For this webinar we teamed up with the National Association of Healthcare Security (NAHS) to hold an afternoon session on the future of Healthcare Security.

Panel chair: Martin Gill

Bonnie Michelman CPP CHPA – Executive Director of Police, Security & Outside Services at Massachusetts General Hospital
Barrie Millett – Director of Assurance at Mitie 
Jayne King ASMS, FSyI, PGDip – President of NAHS

Summary and close: Jayne King ASMS, FSyI, PGDip and Roger Ringham, NAHS Chair

Key points

Bonnie Michelman notes that it was difficult to believe how quick and pervasive the virus proved to be, it resulted in a surge of very ill patients into hospitals at short notice. It has lasted a long time and has had many impacts. Security was well prepared for emergencies but not enough for one this long. Example of the problems faced included: people not getting the healthcare they wanted and being frustrated; some staff being traumatised; the need to prevent visitors entering the hospitals; the requitement to set up mobile beds (including some specifically for the homeless); separating out the very ill and infected patients from the rest; managing staff attending work when there was an absence of public transport or a reduction in what was being provided; providing a labour pool to cover different jobs (plumbers were washing dishes); managing supply chain security, for example the supply of blood; managing the safe handling of donations of items such as food, shoes; responding to cyber attacks; responding to fraud (people were distracted), as well as extortion attempts;  and managing Covid fatigue. While initially with less visitors violence went down it has since returned to higher levels.

Bonnie is positive about how security has performed; it has shown agility, flexibility, been resilient and stepped up when that was required. The lessons going forward include: planning for the worst including the longer term; better managing technology changes; understanding better workers’ exhaustion; conducting regular risk assessments to asses changes, and getting the best intelligence to facilitate the most up-to-date response; maintaining partnerships including collaborations with nurses for example which have been a real positive. Bonnie’s fear is that security will compromise what has been achieved by being distracted. She calls on colleagues to collate data to tell stories of security access. Security leaders need to lead.
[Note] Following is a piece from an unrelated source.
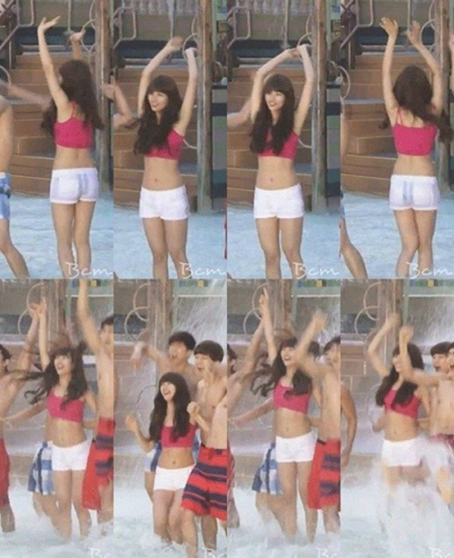 올라온 사진은 과거 수지와 2PM 멤버들이 함께 출연한 한 광고 촬영 현장 모습으로 수지는 핑크계열 탱크톱에 하얀색 핫팬츠를 매치한 수영장 패션으로 시선을 사로잡았다. 수지의 노출은 과하지 않지만 탄탄한 복근과 함께 늘씬한 몸매를 드러내 관심을 모았다.
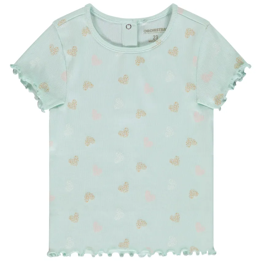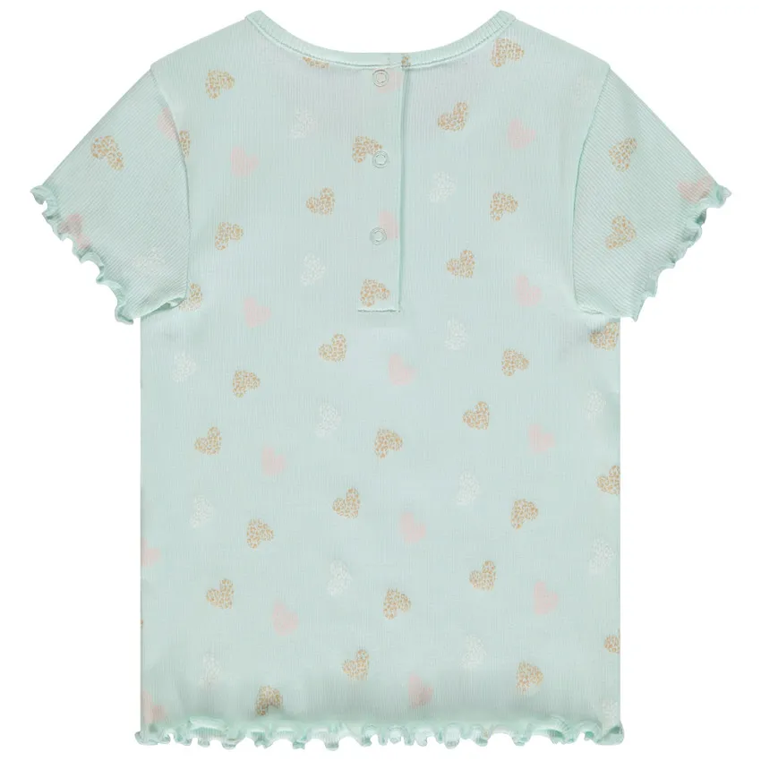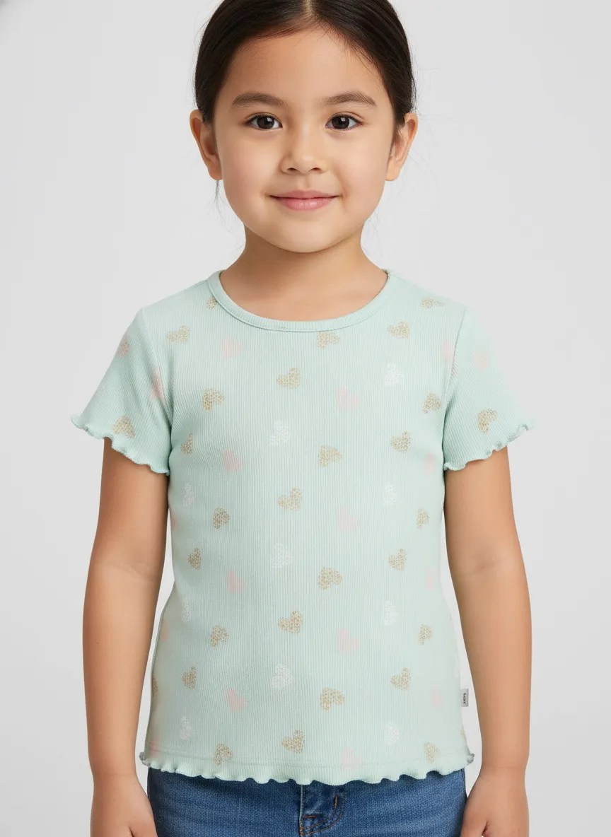 Изделие выполнено из мягкого трикотажа с ребристым эффектом (95% хлопок, 5% эластан), который приятно прилегает к телу, хорошо тянется и обеспечивает свободу движений. Натуральный состав подходит для нежной кожи ребенка и сохраняет комфорт в течение всего дня.

Barrie Millett highlights the ley role security has played in the crisis, both generally and specifically to the setting up of Covid testing centres which were introduced as new ventures in diverse locales. A principal problem has been dealing with ffrustrations on the frontline where frontline security staff are having to manage nervous people and allay their fears. A different issue has been responding to subversive activity with offenders posing as legitimate couriers to intercept supplies, and there have also been brute force attacks on storage places. One threat has been from Covid deniers who have protested in different ways. Overall though security has performed well, and he highlights partnerships as they key route to ensuring improvements that have been made are maintained. Yet he warns of the need not to lose sight of other threats, such as that of terrorism which has increased at this time. Training is also key; much of the emphasis here is about adopting what is already known to new settings. The speed of change though has required careful addressing of the requirements. Barrie too calls for the security sector to shout about its successes, all too often it has been weak at this.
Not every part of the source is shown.